Dropping Chevy Is Deuced Foolish

So, the New York Times reports, the geniuses at GM have decided that a Chevrolet is no longer a Chevy:

On Tuesday, G.M. sent a memo to Chevrolet employees at its Detroit headquarters, promoting the importance of “consistency” for the brand, which was the nation’s best-selling line of cars and trucks for more than half a century after World War II.

And one way to present a consistent brand message, the memo suggested, is to stop saying “Chevy,” though the word is one of the world’s best-known, longest-lived product nicknames.

And that “consistent brand message” would be: GM stands for Gone Mental.

Exhibit B: “A postscript to the memo says a sort of cuss jar – a plastic ‘Chevy’ can – has been placed in the hallway. ‘Every time someone uses “Chevy” rather than Chevrolet,’ the note said, the employee is expected to put a quarter in the can.

Trying to inject some reality into the picture, the Times piece notes brand nicknames that have stuck – and worked –  such as Coke, FedEx, and KFC. The best analogy, though, is what happened at ESPN 2. When the emergency backup sports network first hit cable, ESPN anchors started calling it The Deuce, which the Brainiacs in Bristol said reduced brand awareness, so they had a “cuss jar” too.

Of course, The Deuce became its own brand, which the Einsteins at ESPN belatedly realized.

This Just In: GM has – not surprisingly – shifted into reverse, according to the Wheels blog at the Times:

No more Chevy? News of the phase-out spread quickly, and the hundreds of comments to Wheels revealed an emotional connection to the Chevy name. The overwhelming response prompted G.M. to issue a formal news statement on the change, one in which the company uses the word Chevy. Twice.
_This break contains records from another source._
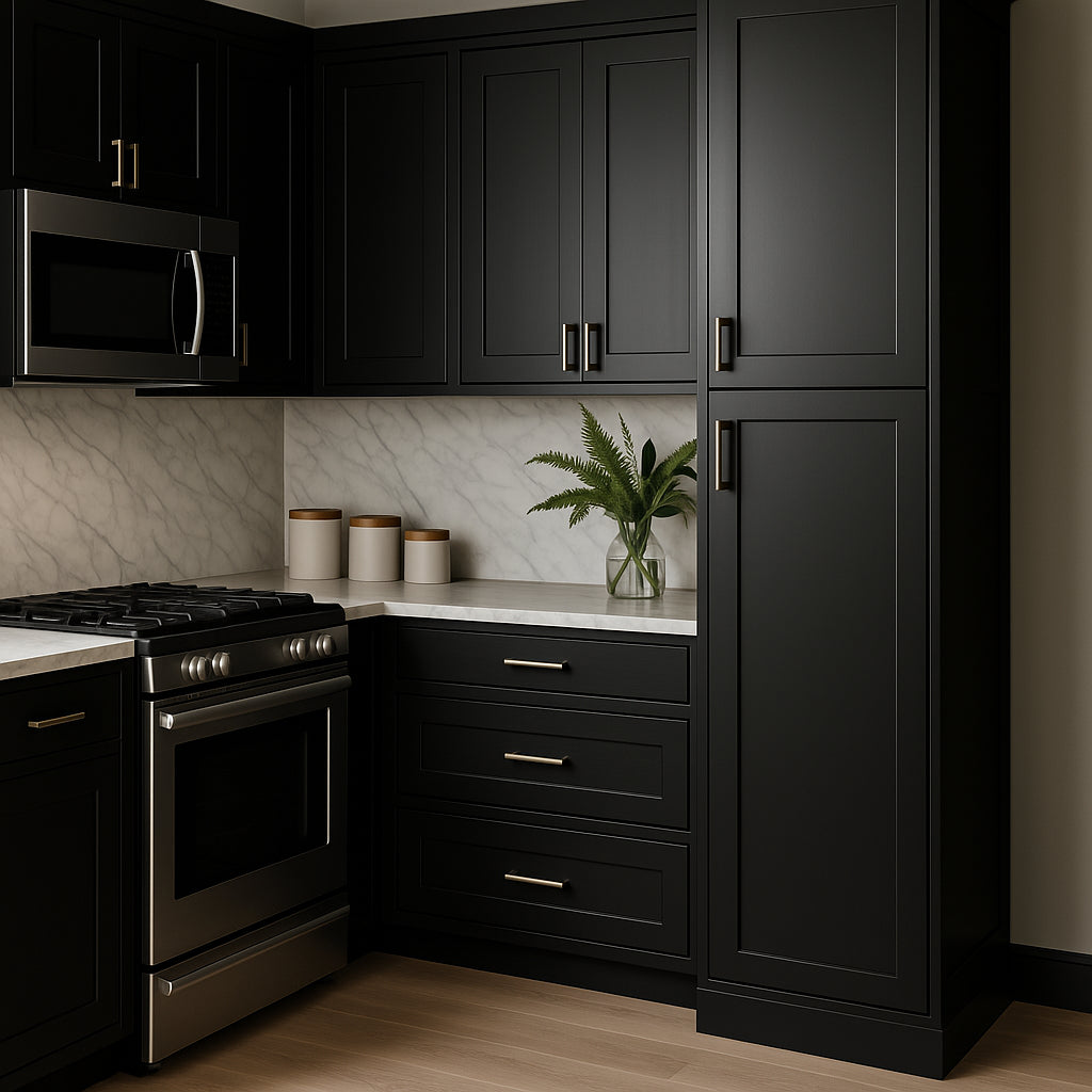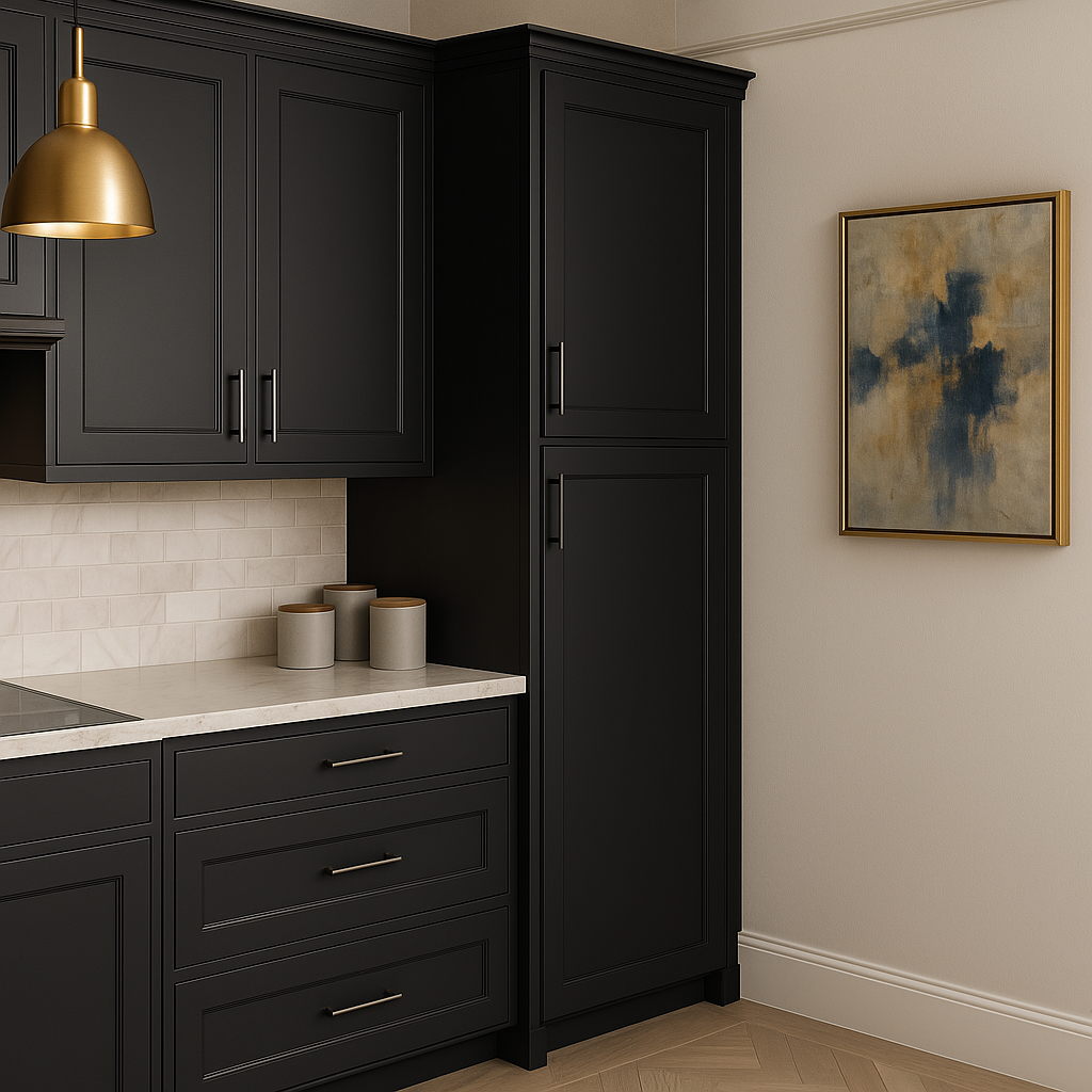 The Hampton Bay Avondale Shaker Pantry Cabinet in Raven Black combines style and functionality with its durable plywood construction and sleek painted finish. Featuring soft-close doors and adjustable shelves, this cabinet is perfect for organizing your kitchen essentials.
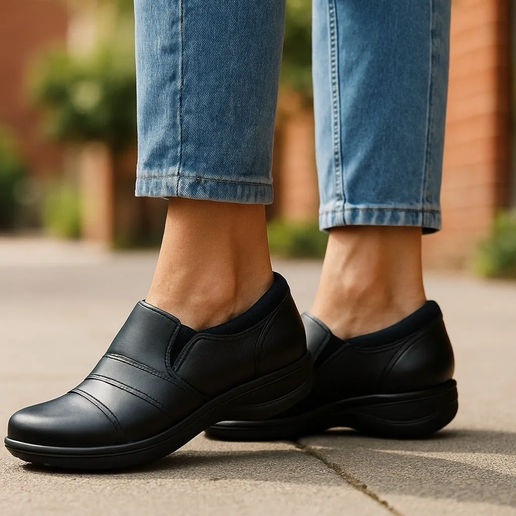 Elevate your everyday style with the CLARKS Women's Angie Pearl Leather Slip-On Loafers. These black... Show more
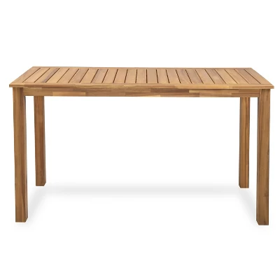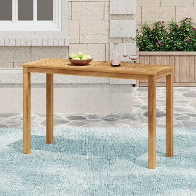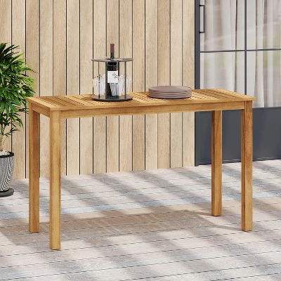Add style and functionality to your outdoor space with this rectangular acacia wood bar table. Designed with a minimalistic silhouette and slatted tabletop, it brings a clean, natural look to any setting. Crafted from weather-resistant acacia wood in a light teak finish, it’s perfect for patios or balconies. Its durable frame resists wear, and assembly is simple with all tools included.
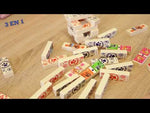 - Incluye: 28 fichas de dominó, 1 rompecabezas de 24 piezas, 1 memoria con 24 tarjetas
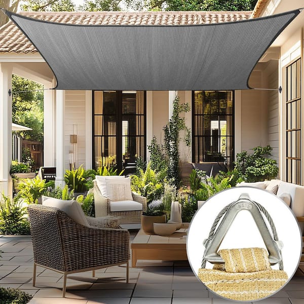 Pro Ring 16 ft. x 18 ft. Rectangle Sun Shade Sail with Hardware Kit and Rope-Grey
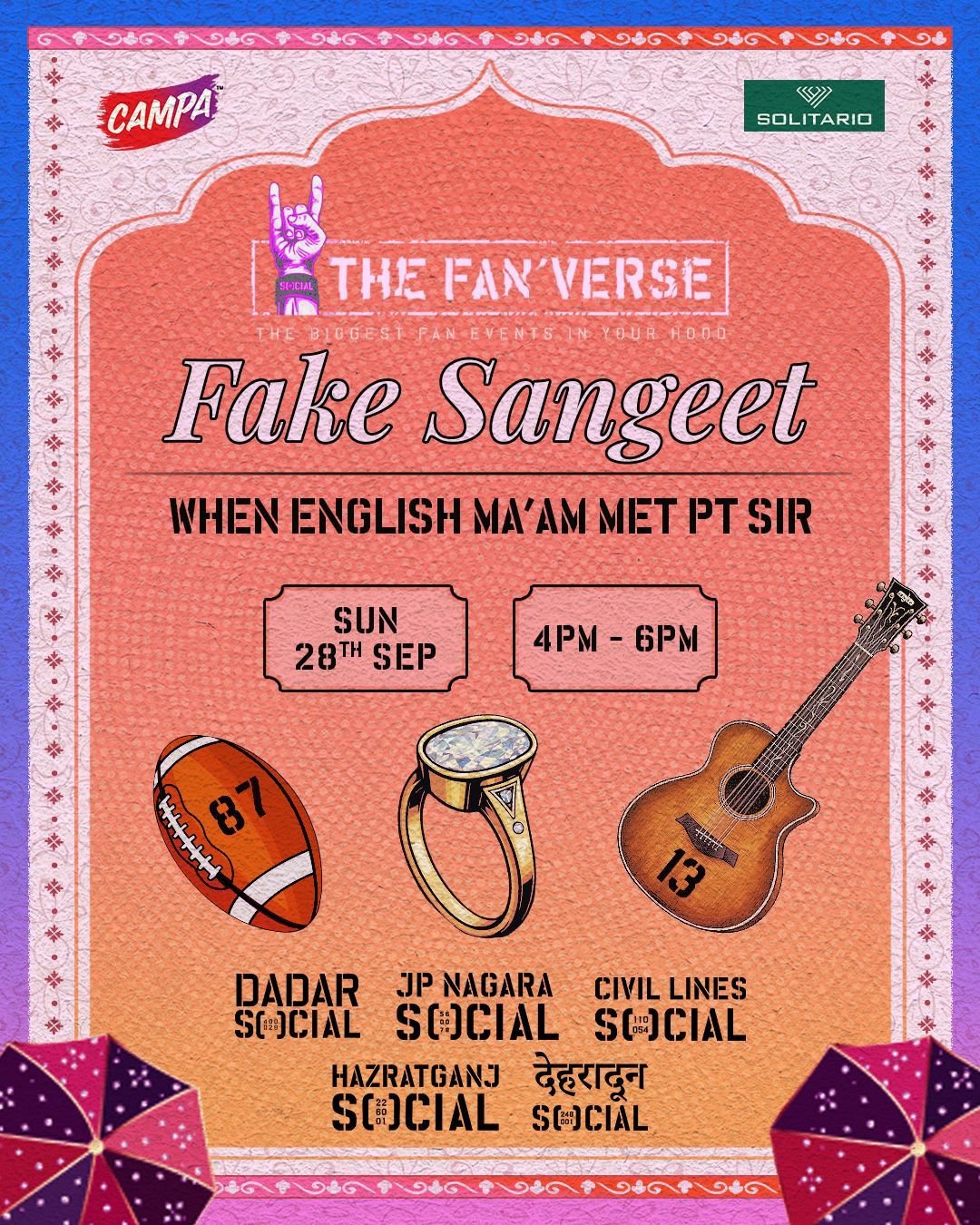 मेहमानों को पारंपरिक भारतीय परिधानों में आने और इस मस्तीभरे देसी-स्टाइल उत्सव का हिस्सा बनने के लिए आमंत्रित किया जाता है। इस मौके पर सोलिटारियो डायमंड्स पाँचों स्थानों पर शानदार डायमंड ज्वेलरी गिवअवे कर इस आयोजन में अतिरिक्त चमक जोड़ेंगे।
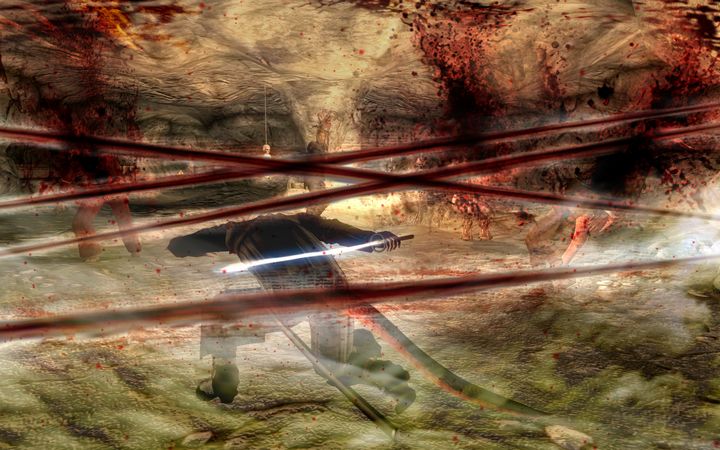 ドレイクが抜刀すると同時に凄まじい衝撃波が発生し、3人の部下達の上半身がいっせいに砕け散る。おびただしい量の鮮血が噴き出し、天井を紅く染め上げた。
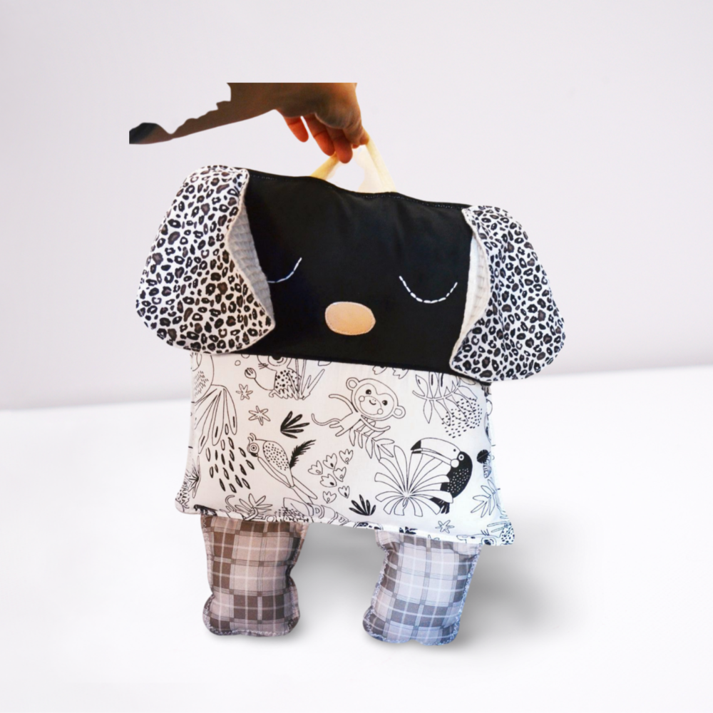 Le Coussin Joli Chien Noir et Blanc avec Anse est bien plus qu’un simple coussin de sieste : c’est l’ami stylé de toutes les aventures. Parfaitement adapté au monde des tout-petits, son design graphique en noir et blanc a été pensé pour stimuler l’éveil visuel et s’intégrer dans les décorations de chambre les plus contemporaines.

Here is the statement in full:

Today’s emotional debate over a poorly worded memo on our use of the Chevrolet brand is a good reminder of how passionately people feel about Chevrolet. It is a passion we share and one we do not take for granted.

We love Chevy. In no way are we discouraging customers or fans from using the name. We deeply appreciate the emotional connections that millions of people have for Chevrolet and its products.

In global markets, we are establishing a significant presence for Chevrolet and need to move toward a consistent brand name for advertising and marketing purposes. The memo in question was one step in that process.

We hope people around the world will continue to fall in love with Chevrolets and smile when they call their favorite car, truck or crossover “Chevy.”

Here endeth the lesson.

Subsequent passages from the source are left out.